Welcome guest blogger and one of The HEAL Project’s Advisory Board Members, Hyunhee Shin.
Hyunhee is a queer survivor of child sexual abuse, family violence, and sexual assault. As a person with psychiatric disabilities and the child of working class, Korean immigrant parents in rural Pennsylvania, Hyunhee brings to this work her personal experiences of violence in the context of intersecting issues of race, class, immigration, gender, sexual identity, and disability.
TW/CW: child sexual, physical, emotional Abuse/ PTSD
When I started learning about child sexual abuse four years ago, I was working at a feminist foundation fresh out of college. I didn’t realize I was a survivor of CSA at the time, but I did hold onto other childhood traumas — physical and emotional abuse from my father, the pain of growing up poor immigrants in rural Pennsylvania, navigating mental illness.
I didn’t know at first, but as I delved deeper into the subject matter, I was being triggered just by doing my job. I knew I was a survivor of abuse and that I identified on a deep level with the survivors I was reading about. It wasn’t until half a year in, my memory as a child of being sexually assaulted by a group of neighborhood teens surfaced and I realized that what happened to me was child sexual abuse.
One of the fascinating things I learned about the brain is that one of the ways it protects you from trauma is to hide those memories away. That sometimes, despite your brain’s best efforts to keep them concealed, a steady hammer of triggers can break the walls down and reveal your past trauma to your conscious mind for the first time.
Reeling from this repositioning of memory in this new context, I waded through the mud and haze of PTSD in the months that followed. I navigated coming out as a survivor to my employer while struggling to focus on a project that had me immersed in readings and research looking for practical tips on preventing CSA. My supervisor was warm and supportive and patient. I couldn’t have asked for a better support while working full time on an issue area I didn’t realize would trigger me.
I went back to therapy and worked hard to get a baseline handle on my wellness. I sought support from a tiny handful of friends I trusted — it felt too soon to talk about the abuse in more than a whisper to many others. Once I felt confident that I wouldn’t stomp all over professional boundaries, I slowly started reaching out to survivors I knew in the field. Learning with them and diving deep into the ways trauma impacted my life was incredibly transformative.
In the last few years, I’ve learned a lot about trauma and how it affects my life. There were the obvious things, like classic PTSD symptoms — avoidance, hyperarousal, anger, guilt, insomnia. There were the ways in which my PTSD made best friends with my bipolar disorder and sought to pull the rug out from under me whenever possible. There were the myriad distortions I believed about myself and how I related to other people that I could now trace back to childhood trauma. One of the many things I’m grateful for is the realization that I was not an inherently shitty, mean, and unfeeling person.

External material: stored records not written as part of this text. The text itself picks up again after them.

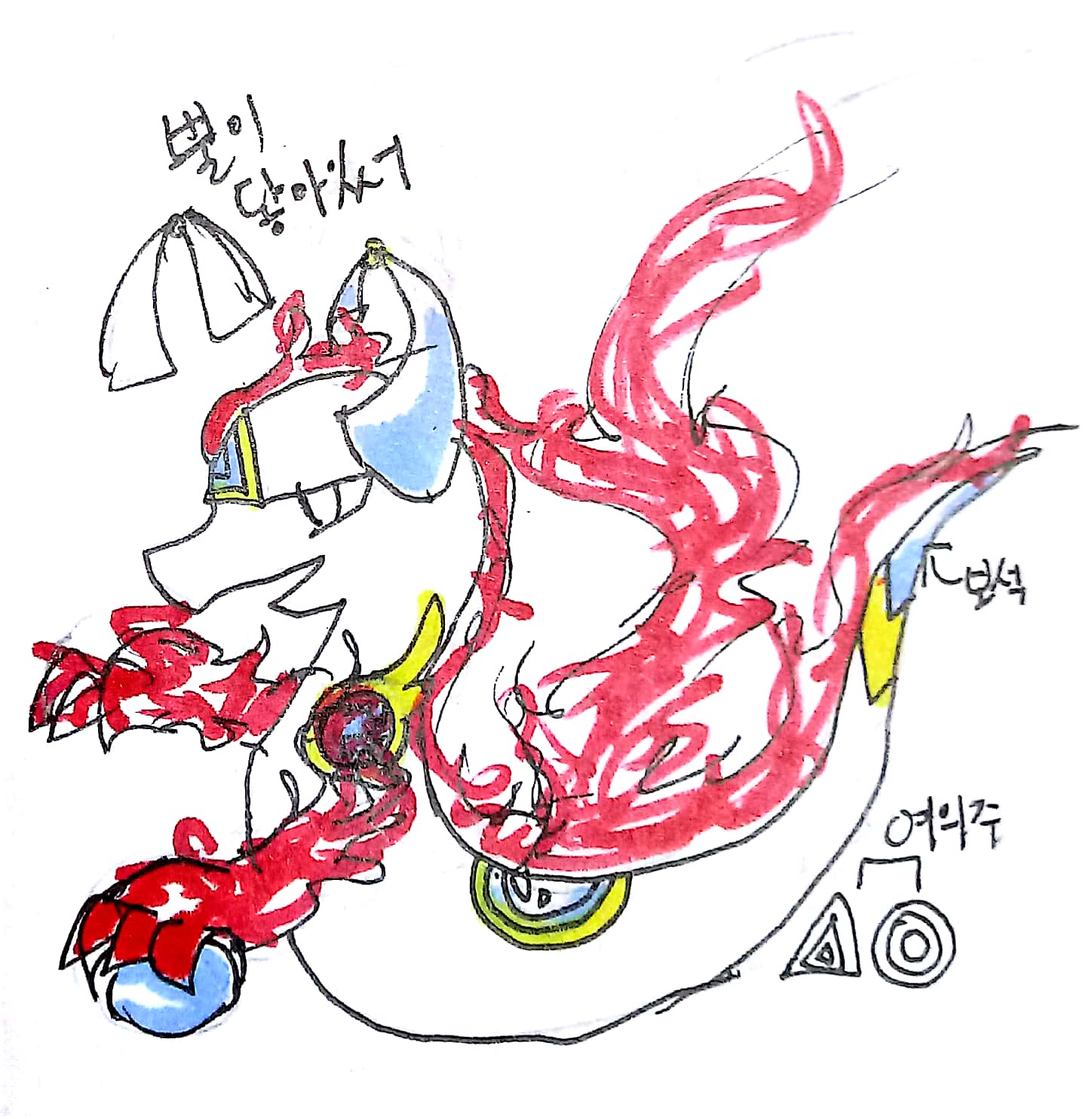 뱀 형태의 몸+여의주+ 화염 모티브 도착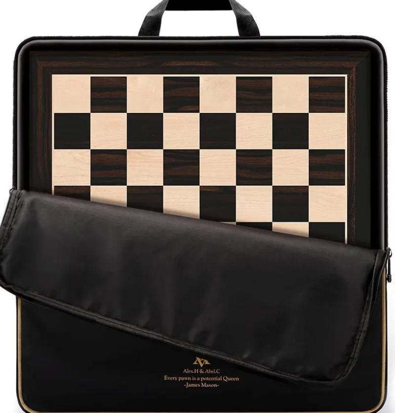 Brädans yta antar utsökt fanerhantverk, schackrutornas placering är exakt; det finns 4 halkskyddade filtkuddar på botten för att säkerställa jämnheten under användning och även förhindra att skivan orsakar slitage på bordet.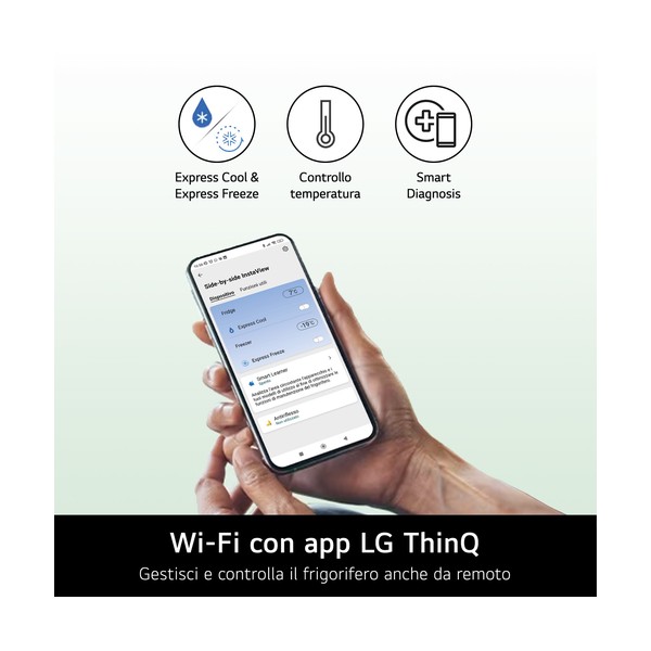 Gestione del frigorifero tramite Wi-Fi e app LG ThinQCollega il frigorifero al Wi-Fi e scarica l'app LG ThinQ sul tuo smartphone iOS o Android per avere a portata di mano tante funzioni e gestire il frigorifero anche quando sei fuori casa. Ad esempio, puoi impostare le temperature del frigorifero e del congelatore, oppure attivare la funzione di raffreddamento rapido quando stai tornando dal fare la spesa. Inoltre, puoi monitorare i consumi direttamente dal tuo smartphone.

Trauma threw my heart in a thick glass box and gave me a toothpick to chisel it out. It’s not that I lacked empathy because I was some sort of sociopath. I just had a harder time accessing those feelings largely because of what happened to me. Once I cracked the code of my emotional inner life, I started working hard to chisel out of the glass trauma box. I explored vulnerability with my therapist and tried connecting with emotions beyond rage and despair. I started dismantling bolt by bolt the iron fortress around me that I deluded myself into thinking protected me. I stopped seeing myself as an island, an independent person who could help and support others with their needs, but never needed help myself. I started to understand that acknowledging that I needed help and reaching out for support from loved ones isn’t a sign of weakness, but is a source of strength.
Over time and with the help of survivors in solidarity and loved ones, I developed my emotional intelligence and empathy. In holding space for myself, I learned how to hold space for others who were navigating similar journeys. I tapped into those particular feelings in my body and heart that helped me build trust and hold space with other survivors. I realized how powerful deep empathy can be in helping ourselves and each other heal. I took stock of all the times someone has said to me that they felt safe and deeply understood when we talked, or when complete strangers have opened up to me, or anytime someone shares something with me they’ve never shared with anyone else. It’s a power I’m learning to tap into and harness to help pay my healing forward.
Survivors of child sexual abuse are forced to bear the burden of violent experiences early in life. Post traumatic stress is well documented and researched. How might we build power together if we spent just as much time understanding post traumatic growth? And not in a way that undermines or diminishes the pain we suffer in the aftermath of violence. Just in a way that also uplifts those survival strategies that become great gifts. Survivors have a remarkable ability to take the pain that we’ve been forced to hold and forge it into an inner light that heals ourselves and those around us.
When I think of my favorite fictional characters, like Harry Potter or Avatar Korra, they were all kids who harnessed great power from the pain and violence they suffered. Our superhero origin stories stem from a root trauma. They grapple with the relationship they have with their power and the origin of it. These stories sound not so different from ours. We are the heroes we’ve been waiting for.
What’s your post traumatic super power?
Thanks so much Hyunhee for your bravery and superpowers!